By September 23, 1942, the Justice Department claimed "…From the time of the Japanese attack on Pearl Harbor until 1 September, 6,800 enemy aliens were apprehended in the United States and half of them have either been paroled or released." Their report dealt with enemy aliens apprehended under the Alien and Sedition Act, who were primarily German nationals.
- On Columbus Day 1942, Francis Biddle announced the restrictions were lifted against Italian nationals living as long-term residents in the United States stating that, "beginning October 19, a week from today, Italian aliens will no longer be classed as 'alien enemies.'" The plan was approved by President Roosevelt and many restrictions were lifted. Members of the Italian community could now travel freely again, own cameras and firearms, and were not required to carry ID cards. In addition a plan was announced to offer citizenship to 200,000 elderly Italians living in the United States who had been unable to acquire citizenship due to a literacy requirement. Those men in WRA camps were interned for nearly another year, until after Italy's surrender.
- Italy's surrender to the Allies on September 8, 1943, resulted in the release of most of the Italian American internees by year's end. Some had been paroled months after "exoneration" by a second hearing board appealed for by their families. Most of the men had spent nearly two years as prisoners, being moved from camp to camp every three to four months.

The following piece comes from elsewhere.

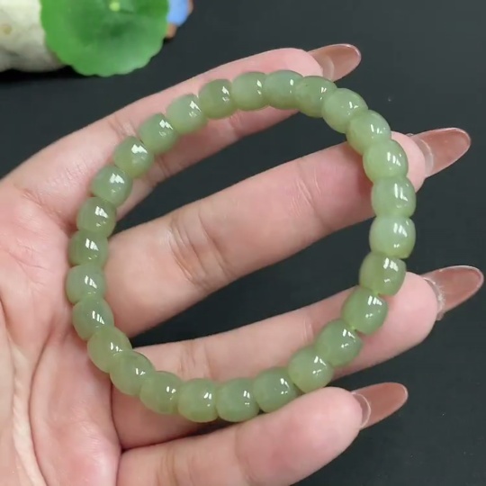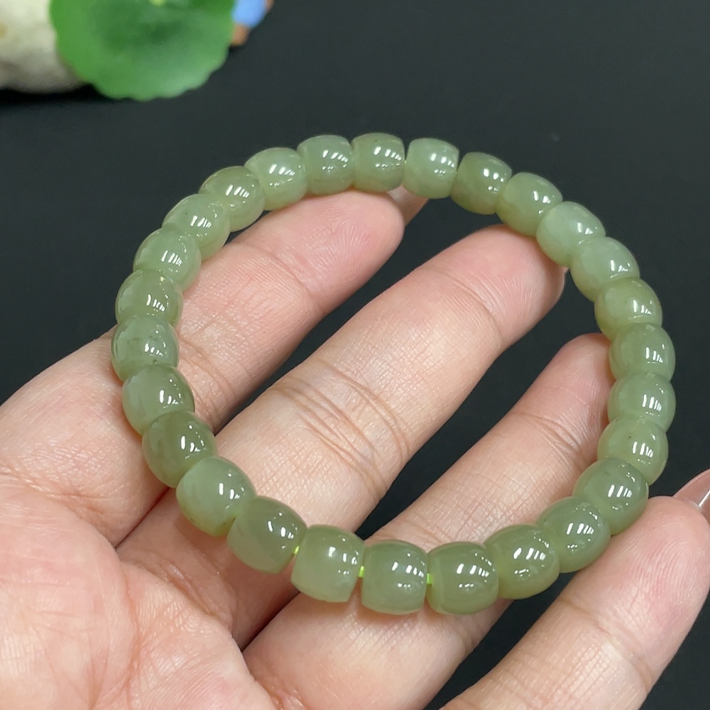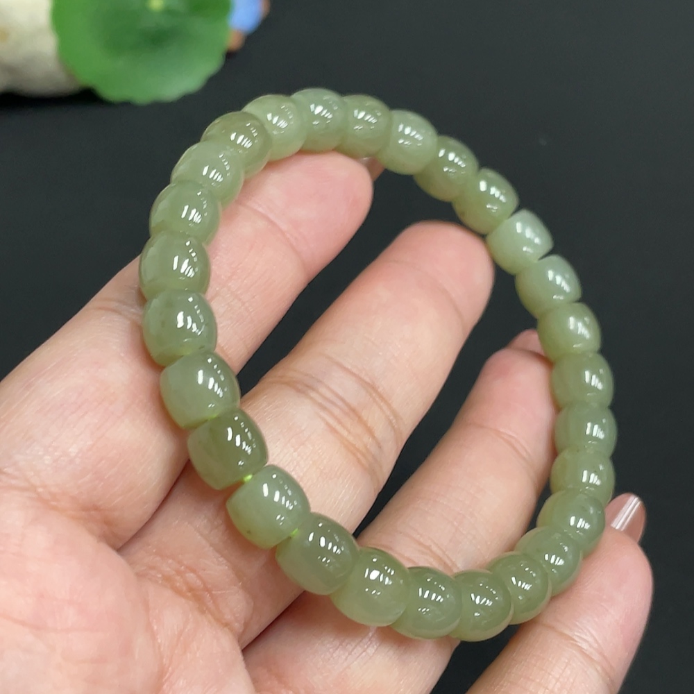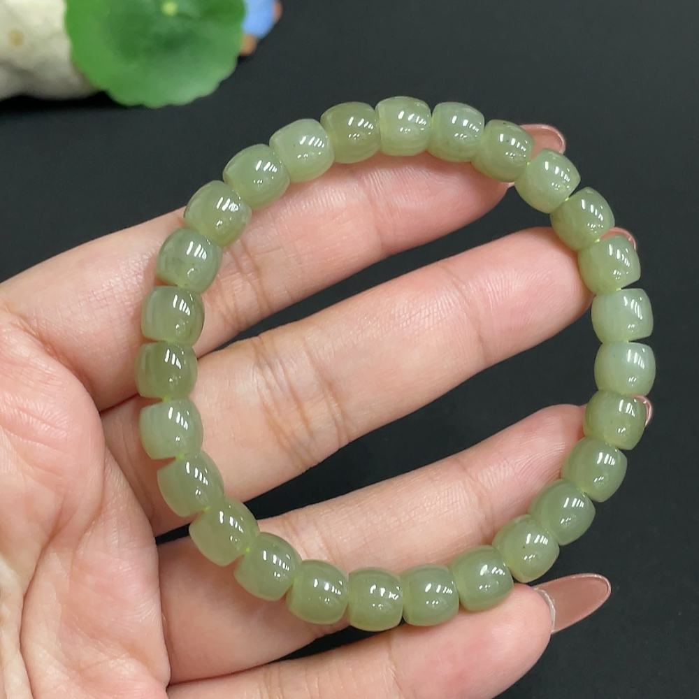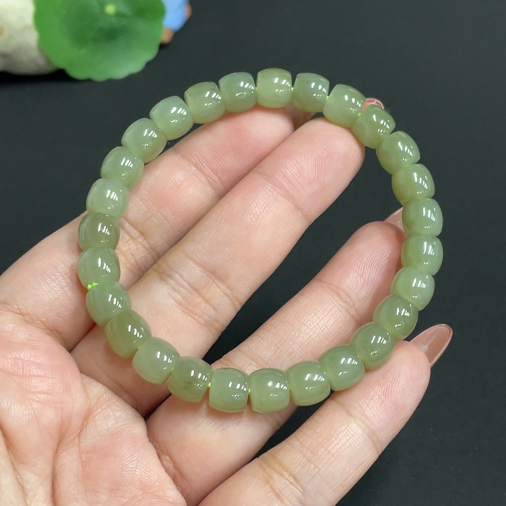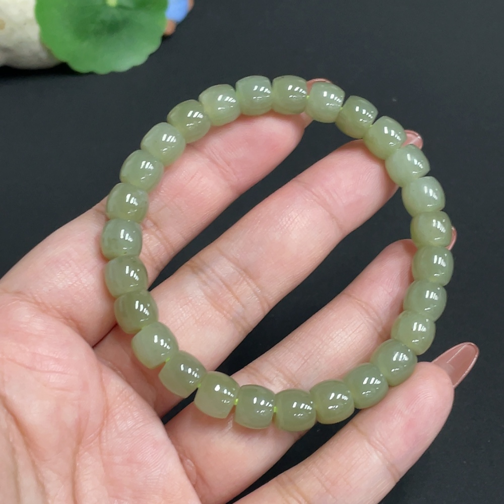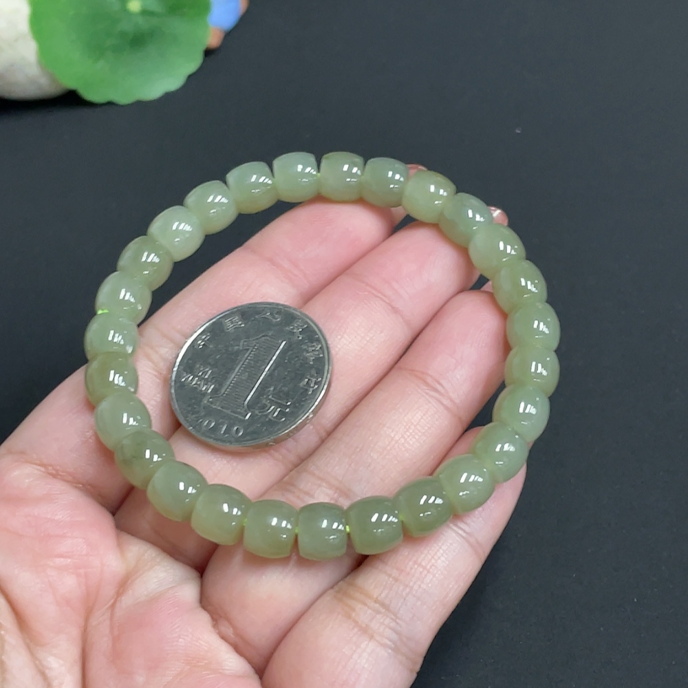 Hetian Jade Bracelet, Approx. 7.6 mm Beads, Total Weight Approx. 22.6g
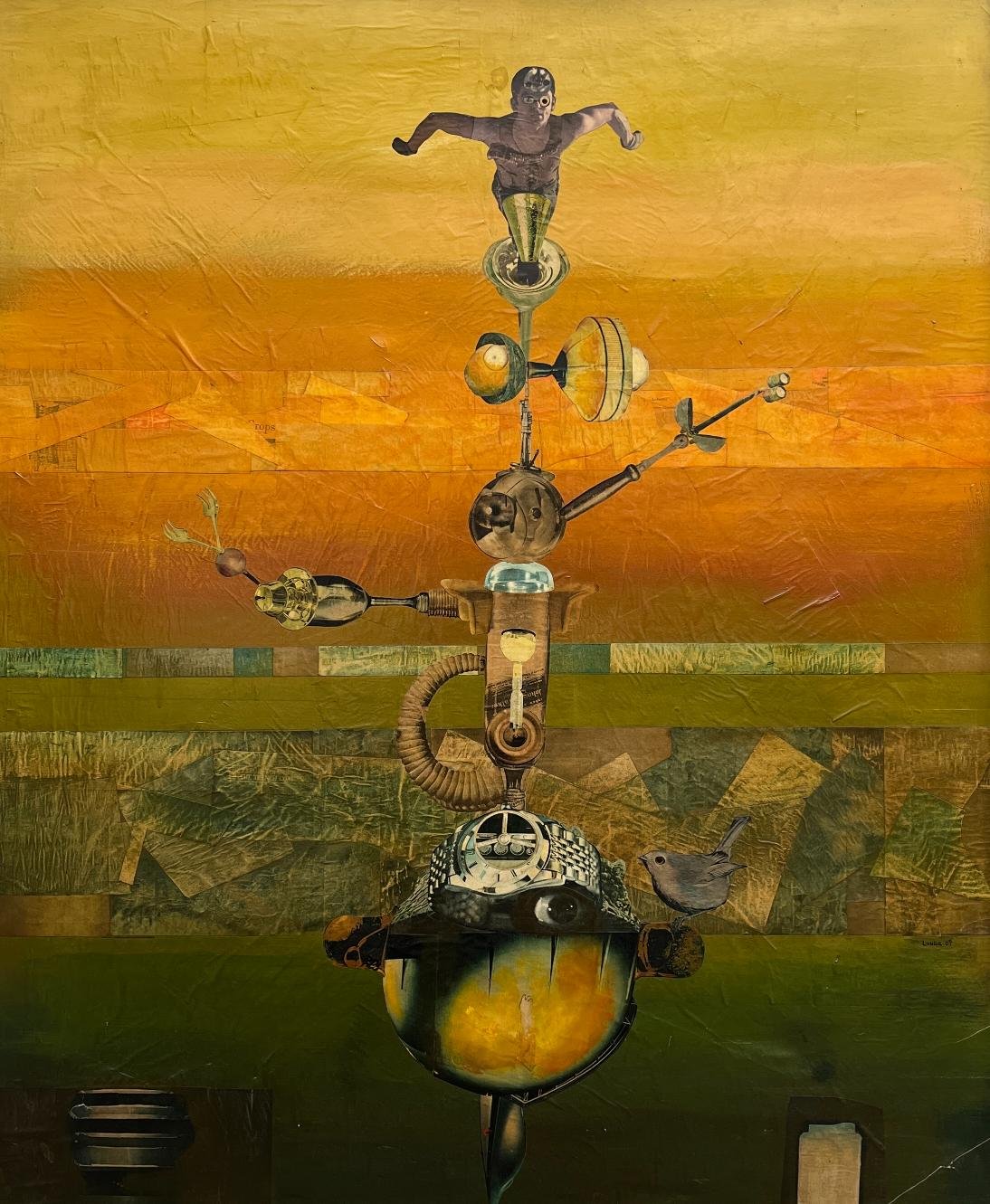 HUGO LONGA (Escuela uruguaya, 1934-1990) Esmalte y collage sobre tela «El gran salto» Al dorso firmado, fechado «1967», titulado y medido por el artista 120 x 100 cm

==Attorney General's 2001 Report on Wartime Restrictions==
In response to activists concerned about the treatment of Italian Americans during the war, on November 7, 2000, the U.S. Congress passed the "Wartime Violation of Italian American Civil Liberties Act". This law, in part, directed the U.S. Attorney General to conduct a comprehensive review of the treatment by the U.S. Government of Italian Americans during World War II and to report on its findings within a year. The Attorney General submitted this report, A Review of the Restrictions on Persons of Italian Ancestry During World War II, to the U.S. Congress on November 7, 2001, and the House Judiciary Committee released the report to the public on November 27, 2001. The report, covering the period September 1, 1939, to December 31, 1945, describes the authority under which the United States undertook enforcement of wartime restrictions on Italian Americans and detailed these restrictions.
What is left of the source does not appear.